Many preclinical studies have found that blocking CTLA-4 can restore the activity of T cells and prolong the survival time of memory T cells, thus restoring the immune function of the body to tumor cells and improving the tumor control rate. Therefore, specific monoclonal antibodies against CTLA-4 have been developed. ?

At present, two CTLA-4 inhibitors, Ipilimumab, have been approved by FDA for the adjuvant treatment of stage III melanoma and the treatment of advanced melanoma, while the clinical research of Ipilimumab and Tremelimumab in renal cancer, prostate cancer and lung cancer has been widely carried out. Early clinical studies showed that these two monoclonal antibodies were safe and effective whether used alone or in combination with IL-2, PD- 1/PD-L 1 inhibitors or chemotherapy.

Other monoclonal antibodies, such as OX40 and 4- 1BB monoclonal antibodies of tumor necrosis factor TNF receptor family, are still under development.
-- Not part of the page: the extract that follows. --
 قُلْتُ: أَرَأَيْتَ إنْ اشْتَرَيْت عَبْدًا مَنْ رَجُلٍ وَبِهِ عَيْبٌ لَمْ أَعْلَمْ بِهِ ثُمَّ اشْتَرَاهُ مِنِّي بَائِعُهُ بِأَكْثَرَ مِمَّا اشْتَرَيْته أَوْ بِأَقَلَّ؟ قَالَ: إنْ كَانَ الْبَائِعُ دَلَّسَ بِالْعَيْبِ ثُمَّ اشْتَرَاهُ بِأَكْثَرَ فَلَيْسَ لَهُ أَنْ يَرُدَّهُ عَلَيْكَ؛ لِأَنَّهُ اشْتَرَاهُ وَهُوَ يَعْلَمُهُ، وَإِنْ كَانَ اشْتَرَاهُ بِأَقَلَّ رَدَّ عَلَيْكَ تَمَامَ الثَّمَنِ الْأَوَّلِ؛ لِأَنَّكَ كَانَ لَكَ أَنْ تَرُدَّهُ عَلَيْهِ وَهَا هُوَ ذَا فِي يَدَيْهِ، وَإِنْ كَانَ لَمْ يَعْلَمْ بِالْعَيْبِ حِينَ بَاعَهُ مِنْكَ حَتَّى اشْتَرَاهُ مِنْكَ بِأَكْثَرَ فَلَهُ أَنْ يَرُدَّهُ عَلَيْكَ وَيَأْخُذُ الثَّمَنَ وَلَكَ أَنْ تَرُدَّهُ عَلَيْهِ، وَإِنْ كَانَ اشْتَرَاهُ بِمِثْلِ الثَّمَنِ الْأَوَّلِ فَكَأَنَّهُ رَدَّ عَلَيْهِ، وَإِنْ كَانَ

At the end of 20 14, Science magazine predicted an important breakthrough in science and technology in 20 15, and combined immunotherapy was among them. As early as the last century, people realized that cancer is far from a gene of normal cells or the change of protein, and combination therapy is the key to cancer treatment. Shanghai Dunfu Hospital is the first hospital in Shanghai to carry out tumor immunotherapy. At present, 2,500 people have been provided with tumor immunotherapy. Please contact us if you need tumor immunotherapy >>

The cornerstone of medical development is life science. With the deepening and breakthrough of the research on the phenomenon of tumor formation and development, the treatment methods for diseases will be more abundant and diverse. In the near future, the research and development of drugs with high efficiency and low toxicity for new tumor targets, the transformation of the safety and economy of cell therapy, the combined drug regimen to overcome drug resistance, and the precision medical care that focuses on prevention and early detection will be the most attractive directions in the field of tumor treatment. And immunotherapy is precisely the most promising key point!